==== Source information

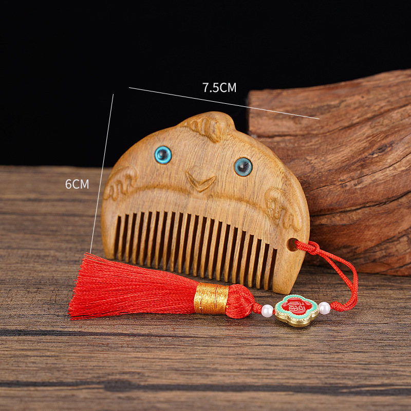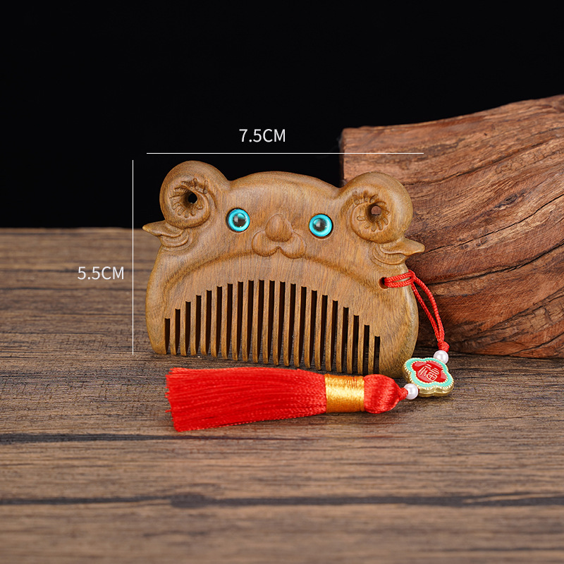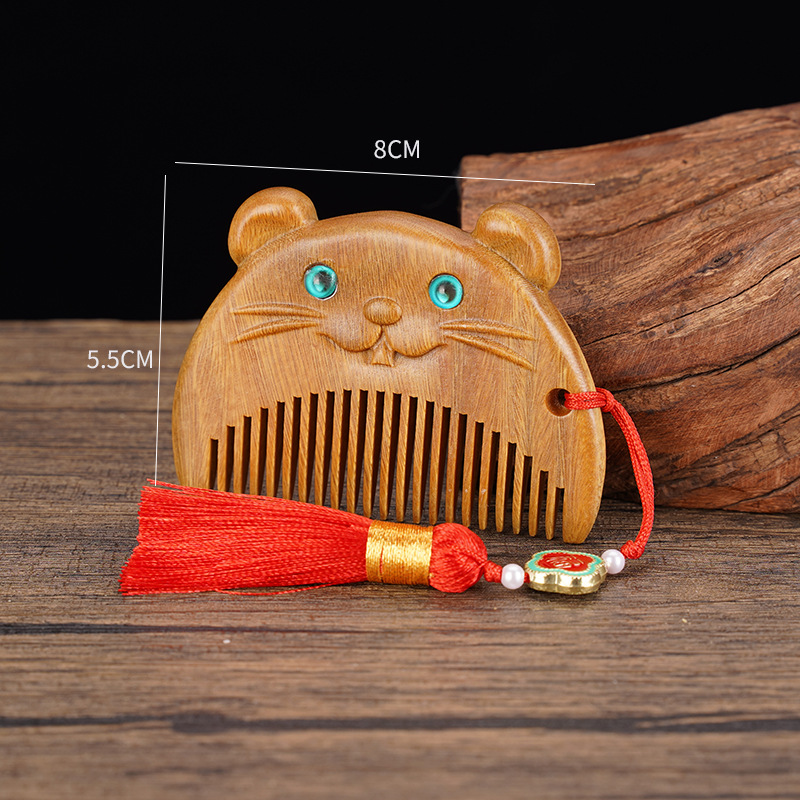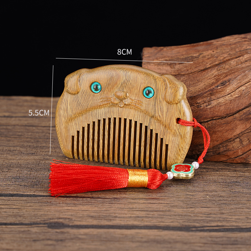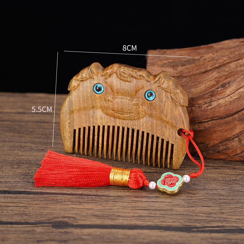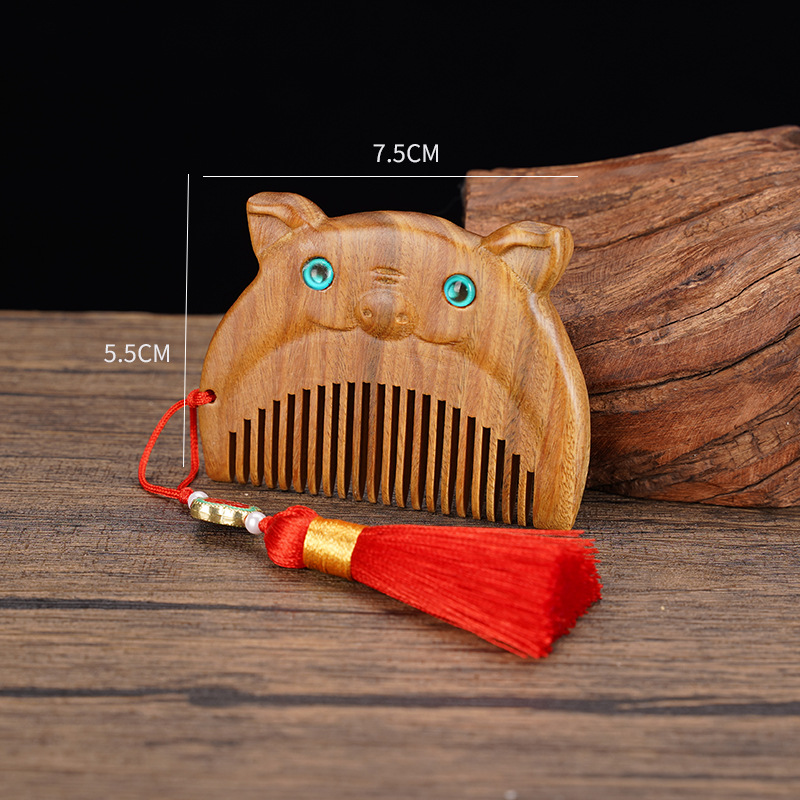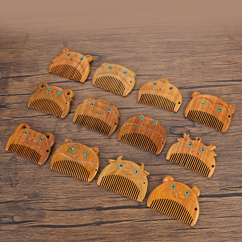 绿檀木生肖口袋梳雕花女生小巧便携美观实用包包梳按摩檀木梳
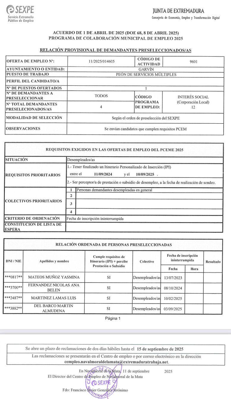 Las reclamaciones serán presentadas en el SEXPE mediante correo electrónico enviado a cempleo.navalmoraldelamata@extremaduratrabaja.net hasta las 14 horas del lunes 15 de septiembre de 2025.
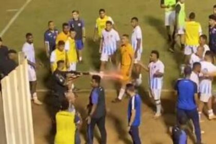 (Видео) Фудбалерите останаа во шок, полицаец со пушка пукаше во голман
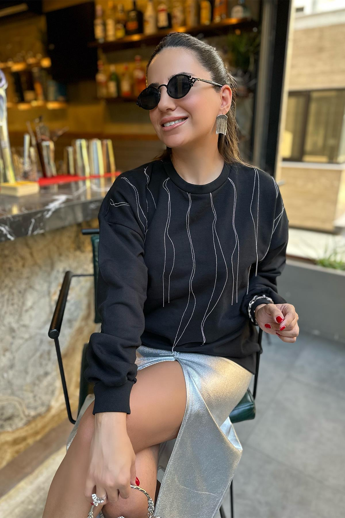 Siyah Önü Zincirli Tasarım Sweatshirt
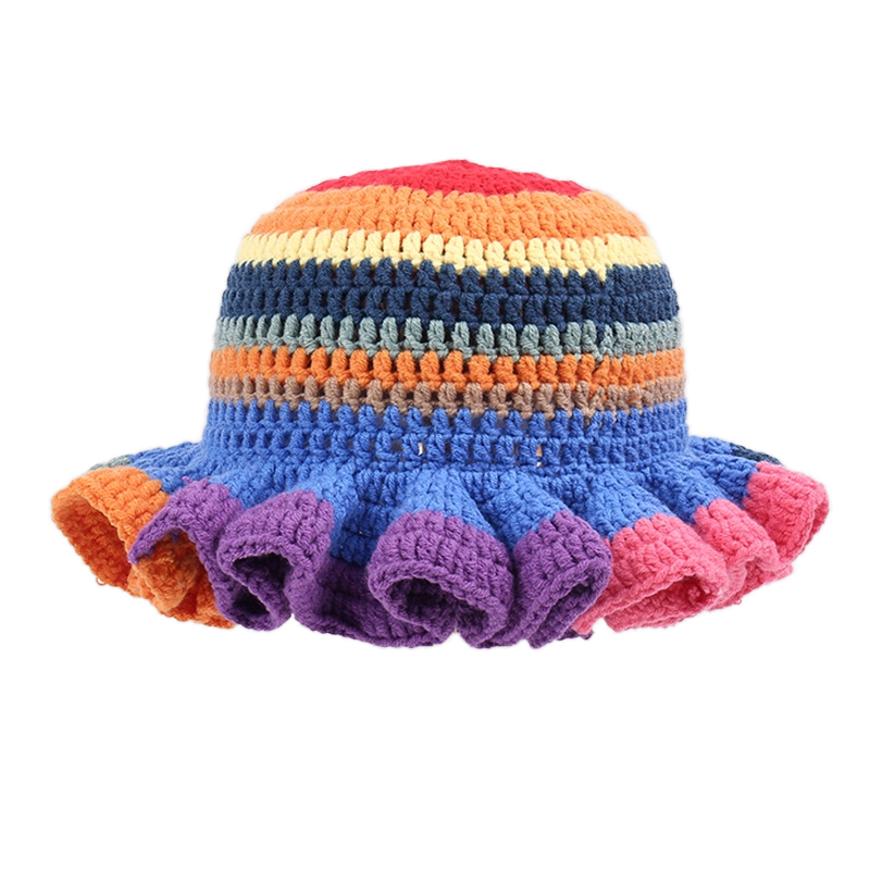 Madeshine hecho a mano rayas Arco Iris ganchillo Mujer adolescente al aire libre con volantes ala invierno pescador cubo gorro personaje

========

▶ _Directions for this task_: Transcribe exactly each line of the records from the start up to and including the one with "(Видео) Фудбалерите останаа", and leave out every picture.

▶ _Solution for this task_:
 绿檀木生肖口袋梳雕花女生小巧便携美观实用包包梳按摩檀木梳
 Las reclamaciones serán presentadas en el SEXPE mediante correo electrónico enviado a cempleo.navalmoraldelamata@extremaduratrabaja.net hasta las 14 horas del lunes 15 de septiembre de 2025.
 (Видео) Фудбалерите останаа во шок, полицаец со пушка пукаше во голман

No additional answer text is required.